Mithun Cy sent in another revision of a patch to cache hash index meta pages.

Nikita Glukhov sent in a patch to implement K-nearest-neighbor for B-Tree indexes.

Dilip Kumar sent in another revision of a patch to implement parallel bitmap heap scan.

Magnus Hagander and Michaël Paquier traded patches to implement a version of jsonb_delete which takes arrays as input.

Haribabu Kommi sent in another revision of a patch to implement a pg_stat_sql view.

Etsuro Fujita sent in another revision of a patch to fix a bug in foreign joins.

David Rowley sent in two more revisions of a patch to improve performance for outer joins where the outer side is unique.

Haribabu Kommi sent in another revision of a patch to implement a 64-bit macaddr type.
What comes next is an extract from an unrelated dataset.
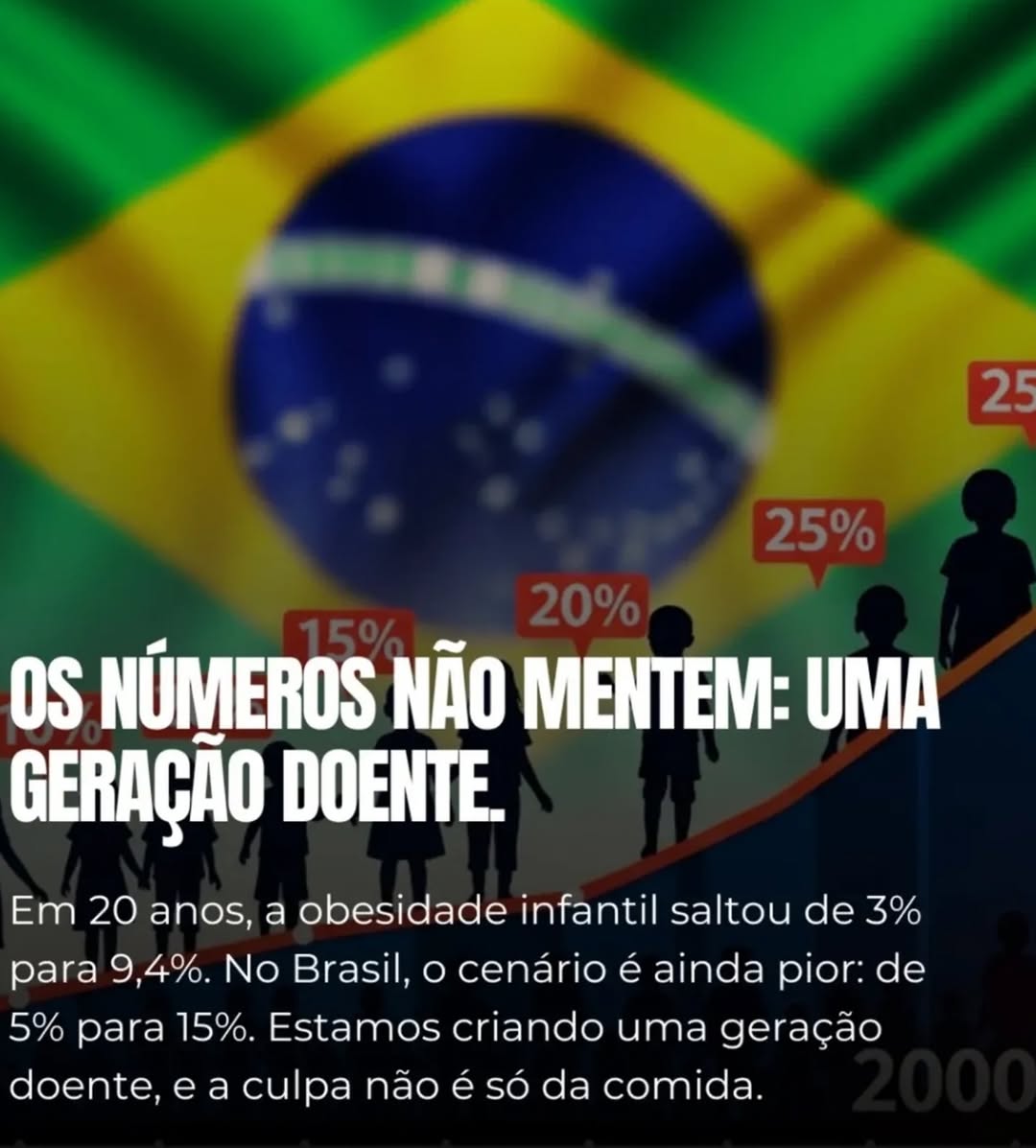 Globalmente, a taxa de obesidade infantil saltou de 3% para 9,4% neste século. O cenário no Brasil, no entanto, é ainda mais alarmante. Enquanto a média mundial triplicou, os índices brasileiros praticamente quadruplicaram, evoluindo de 5% para 15% no mesmo período. Especialistas classificam a situação como uma "epidemia de proporções catastróficas".

Ashutosh Sharma sent in another revision of a patch to add pgstathashindex to the pgstattuple extension.

Ashutosh Sharma and Jesper Pedersen traded patches to add hash index support to pageinspect.

Petr Jelínek sent in two more revisions of a patch to enable logical replication support for the initial data copy.

Petr Jelínek sent in another revision of a patch to add RENAME support for PUBLICATIONs and SUBSCRIPTIONs.

Petr Jelínek sent in a flock of patches to fix issues in logical replication.

Rafia Sabih sent in another revision of a patch to implement parallel index-only scans.

Pavan Deolasee sent in another revision of a patch to implement WARM.

Dmitry Fedin sent in a patch to change a misleading comment in pgtime.h.

Yugo Nagata sent in a patch to fix a comment in freelist.c.

Erik Rijkers sent in a patch to improve the logical replication documentation.

Jim Nasby sent in a patch to protect syscache from bloating with negative cache entries.

Petr Jelínek sent in a patch to fix AFTER trigger execution in logical replication.

Tom Lane sent in another revision of a patch to prevent the possibility of UNKNOWN output columns.